No en vano, la novela comienza discutiendo la posibilidad de un regreso. De una vuelta que nadie espera, que no servirá para ajustar cuentas, tan solo para velar a unos fantasmas familiares allí donde solo quedan ruinas. Ruinas y, también, desconocidos. Esa fuerza externa que representan Felisberto y Eloy, los extraños, los salvajes, aquellos cuya presencia impone a Lucas la impresión de que, pase lo que pase, ya no se puede regresar a casa. A esa casa que uno podría imaginar como la de un cuento gótico, marcada por sombras y silencios, habitaciones cerradas y huellas de vidas agotadas, pero que, en cambio, García Freire nos muestra en su podredumbre. En su corrupción. Con esa expectación con la que asistimos a los momentos previos del derrumbe. Del colapso.

Para García Freire, eso que queda, eso que todavía resiste, es como la piel muerta que aún no se ha separado del cuerpo. El residuo de algo que ya no está, de lo que, en el mejor de los casos, queda una cicatriz. Lucas espía a los extraños con la precisión de un entomólogo; su horror, su comportamiento grotesco, su corrupción moral, es esa misma piel muerta que se agarra a la casa. Como señala en un momento de la novela, todo adentro se metamorfosea. Por momentos, ese monólogo dirigido al padre muerto roza una intensidad total. Un derroche de imágenes, de sensaciones, de olores y hedores que envuelve la imaginación de su protagonista en una permanente alucinación. Como esos insectos que trepan por la madera, conquistando poco a poco un espacio vital que Lucas ya no puede sentir como propio. Tan solo, quizá, como la pesadilla viviente del hogar que fue.

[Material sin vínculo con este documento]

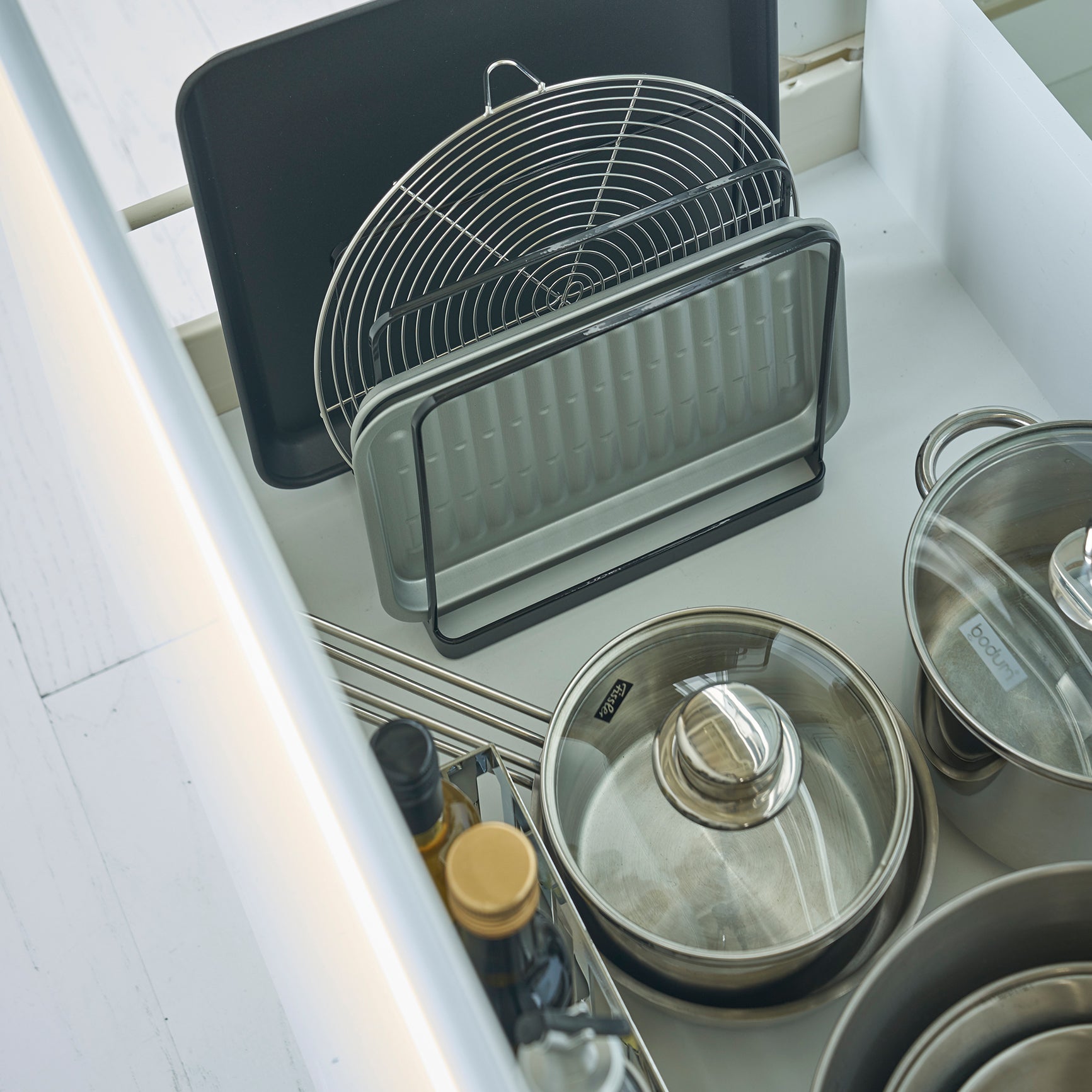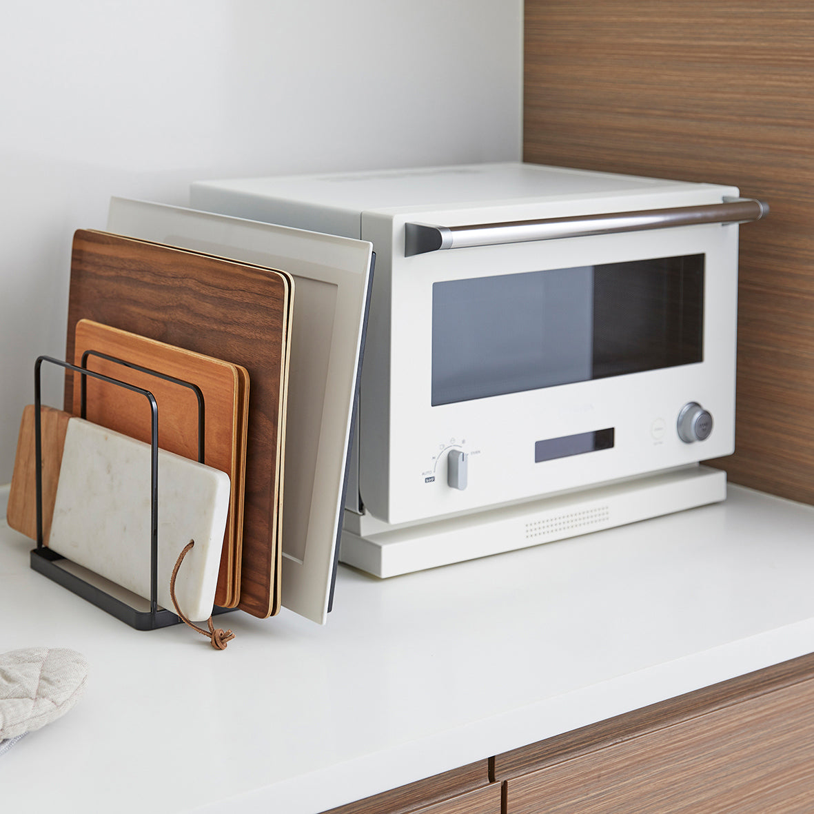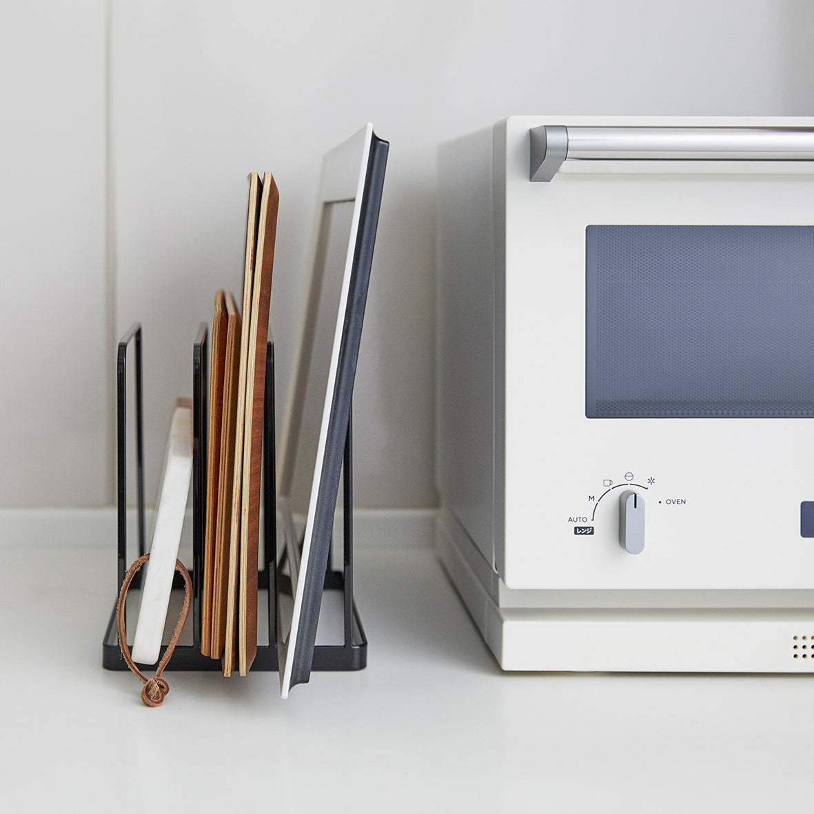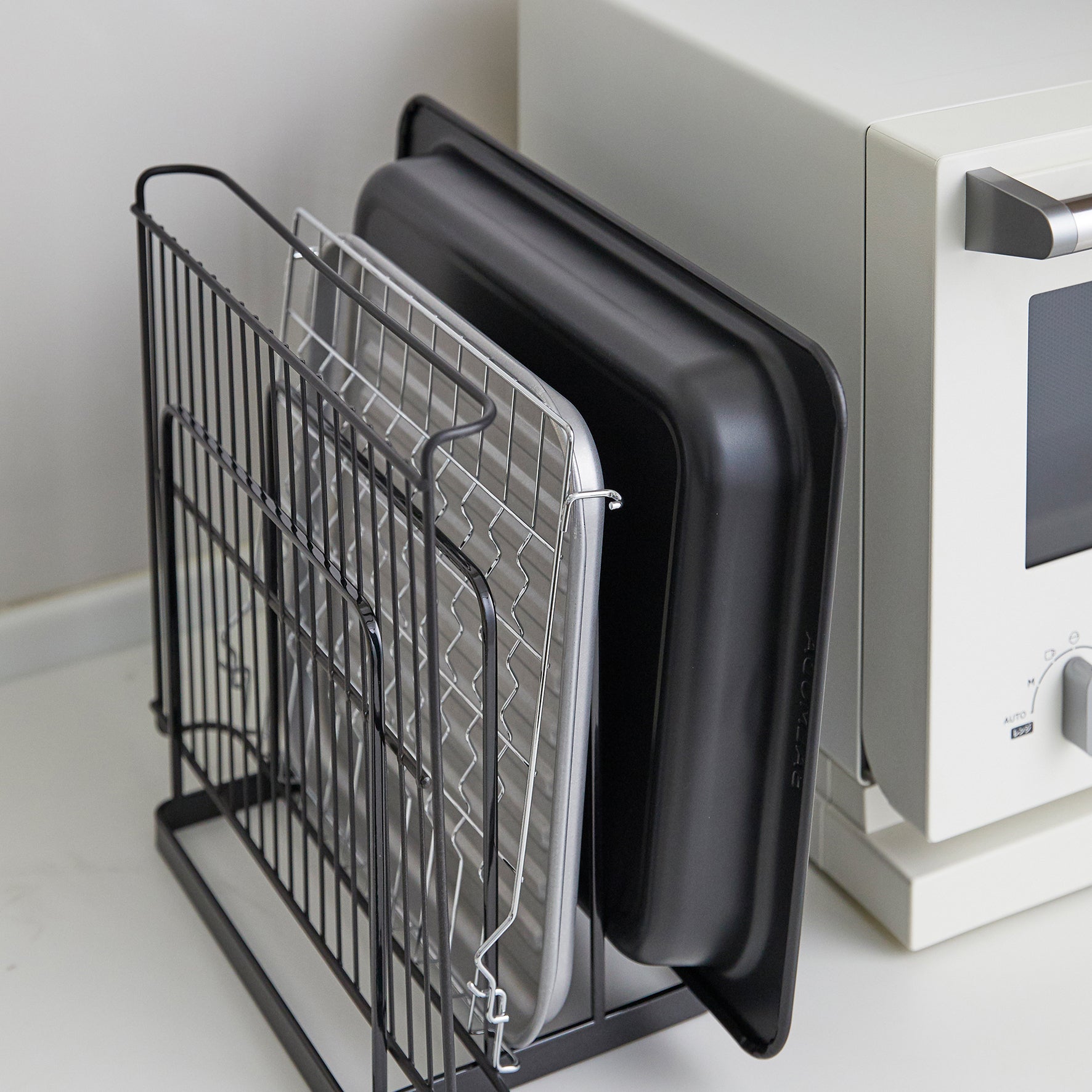 Waar laat jij alle rommel op het aanrecht? Met deze Towel dienbladen standaard van Yamazaki berg je verschillende soorten dunne keukengerei zoals dienbladen, snijplanken of ovenroosters netjes op. Zet hem op je aanrecht of berg hem op in een kastje.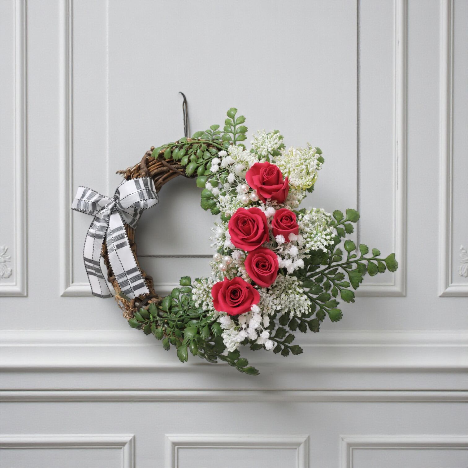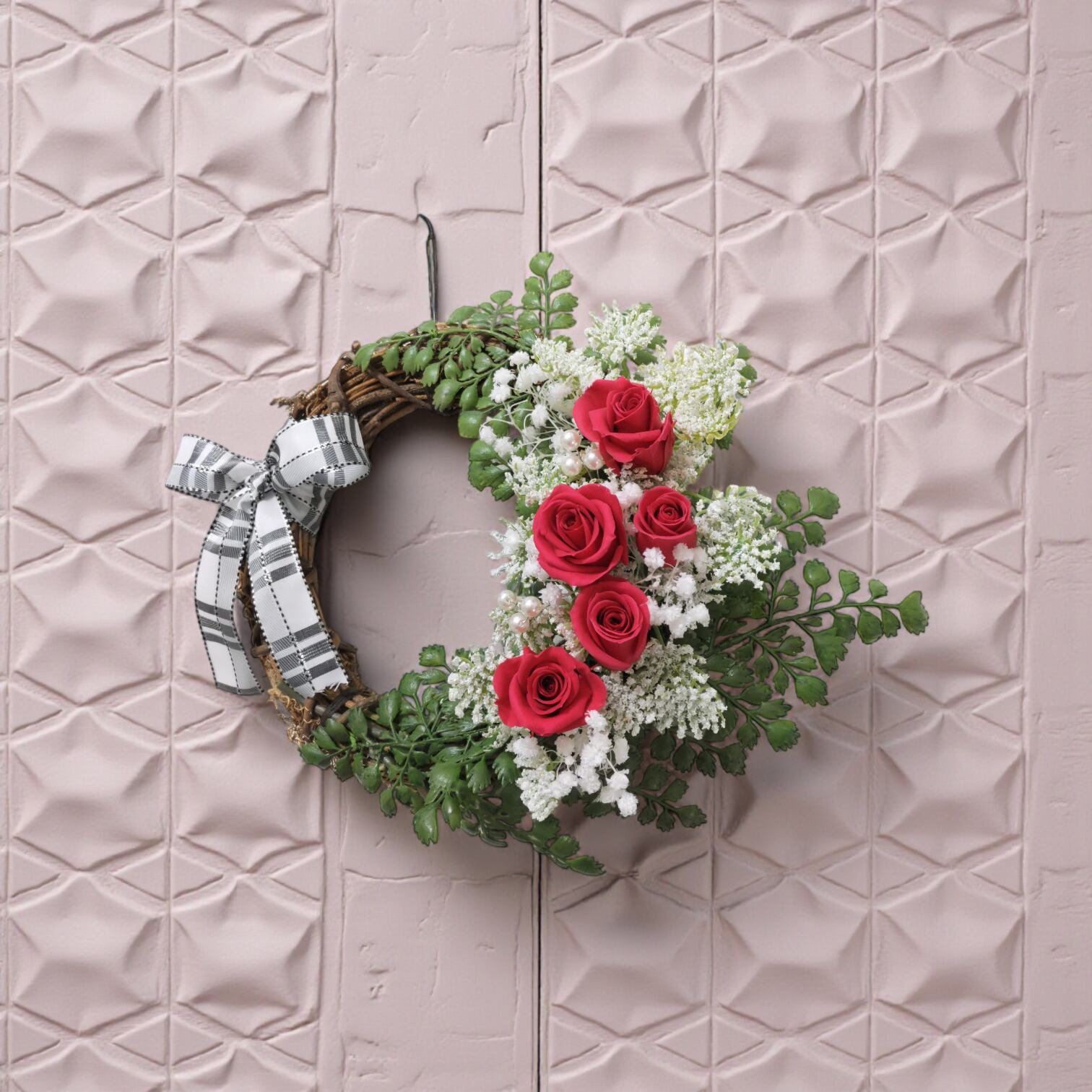 このリースは、約30cmのサイズで、ブリザーブドフラワーの赤い薔薇とかわいらしいかすみ草を使い、アーティフィシャルフラワーのグリーンと白のお花を巧妙に組み合わせています。目を引くデザインが空間を華やかに彩り、心に残る特別なひとときを作り出します!飾った瞬間、日常の中に優雅さと温かさをもたらしてくれることでしょう。

La presencia de los insectos, de esa progresiva descomposición que se hace cada vez más manifiesta en la novela, tiene una lectura interesante por parte de su autora: bajo ese primer plano, degradado y corrupto, se esconde otro de orden subterráneo que nos recuerda todo aquello que resiste a la invasión de los extraños, a la violación de la memoria familiar. Los insectos, las larvas, las arañas, de pronto, se convierten en ese único vestigio, vector de la identidad del protagonista, que ejerce de contrapeso a la oscuridad en la que se ha sumido la casa. Como un último reducto para la imaginación allí donde solo parece brotar la pesadilla; como una postrera llamada a ese mundo que, pese a todo, resiste. Un mundo ínfimo, decíamos, a ratos extraño, en el que paradójicamente su autora localiza los débiles signos de humanidad, algo de luz entre tanta tiniebla, con los que levantar acta del regreso de su protagonista al hogar que en algún momento existió.